How do I parse the output of the find command when filenames have spaces in them?
Ideally you don't do it that way at all, because parsing filenames properly in a shell script is always difficult (fix it for spaces, you'll still have problems with other embedded characters, in particular newline). This is even listed as the first entry in the BashPitfalls page.
That said, there is a way to almost do what you want:
oIFS=$IFS
IFS=$'\n'
find . -name '*.txt' | while read -r i; do
# use "$i" with whatever you're doing
done
IFS=$oIFS
Remember to also quote $i
when using it, to avoid other things interpreting the spaces later. Also remember to set $IFS
back after using it, because not doing so will cause bewildering errors later.

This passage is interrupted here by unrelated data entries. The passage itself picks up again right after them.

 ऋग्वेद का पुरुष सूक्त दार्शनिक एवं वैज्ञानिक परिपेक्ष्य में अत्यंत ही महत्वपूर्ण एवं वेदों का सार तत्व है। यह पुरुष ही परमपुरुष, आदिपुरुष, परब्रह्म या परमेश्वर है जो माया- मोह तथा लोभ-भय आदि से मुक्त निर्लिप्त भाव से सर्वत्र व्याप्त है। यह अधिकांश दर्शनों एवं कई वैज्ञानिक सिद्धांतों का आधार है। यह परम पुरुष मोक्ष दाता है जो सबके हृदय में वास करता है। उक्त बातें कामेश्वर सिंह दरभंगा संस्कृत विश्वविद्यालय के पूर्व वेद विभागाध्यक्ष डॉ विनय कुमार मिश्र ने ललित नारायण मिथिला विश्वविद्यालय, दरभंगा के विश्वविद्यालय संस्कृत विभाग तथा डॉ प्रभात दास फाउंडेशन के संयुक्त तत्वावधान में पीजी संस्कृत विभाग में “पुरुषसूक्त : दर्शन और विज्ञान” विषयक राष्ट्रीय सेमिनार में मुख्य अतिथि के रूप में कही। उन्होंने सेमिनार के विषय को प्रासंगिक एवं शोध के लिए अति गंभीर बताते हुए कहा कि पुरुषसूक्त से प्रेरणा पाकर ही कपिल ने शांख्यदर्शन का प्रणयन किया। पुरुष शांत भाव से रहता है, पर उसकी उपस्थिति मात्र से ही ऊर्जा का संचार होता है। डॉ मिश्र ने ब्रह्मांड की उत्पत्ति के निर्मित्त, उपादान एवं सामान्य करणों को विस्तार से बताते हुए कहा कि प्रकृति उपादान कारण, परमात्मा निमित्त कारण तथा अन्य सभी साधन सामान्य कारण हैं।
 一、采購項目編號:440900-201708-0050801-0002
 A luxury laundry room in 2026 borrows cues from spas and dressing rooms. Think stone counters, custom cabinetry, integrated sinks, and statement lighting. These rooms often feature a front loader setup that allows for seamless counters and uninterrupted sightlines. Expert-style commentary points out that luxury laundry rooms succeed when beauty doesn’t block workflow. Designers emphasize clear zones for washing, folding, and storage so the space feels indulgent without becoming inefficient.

This does have one other caveat attached: what happens inside the while
loop may take place in a subshell, depending on the exact shell you're using, so variable settings may not persist. The for
loop version avoids that but at the price that, even if you apply the $IFS
solution to avoid issues with spaces, you will then get in trouble if the find
returns too many files.
At some point the correct fix for all of this becomes doing it in a language such as Perl or Python instead of shell.
Use find -print0
and pipe it to xargs -0
, or write your own little C program and pipe it to your little C program. This is what -print0
and -0
were invented for.
Shell scripts aren't the best way to handle filenames with spaces in them: you can do it, but it gets clunky.
You can set the "internal field separator" (IFS
) to something else than space for the loop argument splitting, e.g.
ORIGIFS=${IFS}
NL='
'
IFS=${NL}
for i in $(find . -name '*.txt'); do
IFS=${ORIGIFS}
#do stuff
done
IFS=${ORIGIFS}
I reset IFS
after its use in find, mostly because it looks nice, I think. I haven't seen any problems in having it set to newline, but I think this is "cleaner".
Another method, depending on what you want to do with the output from find
, is to either directly use -exec
with the find
command, or use -print0
and pipe it into xargs -0
. In the first case find
takes care of the file name escaping. In the -print0
case, find
prints its output with a null separator, and then xargs
splits on this. Since no file name can contain that character (what I know of), this is always safe as well. This it mostly useful in simple cases; and usually is not a great substitute for a full for
loop.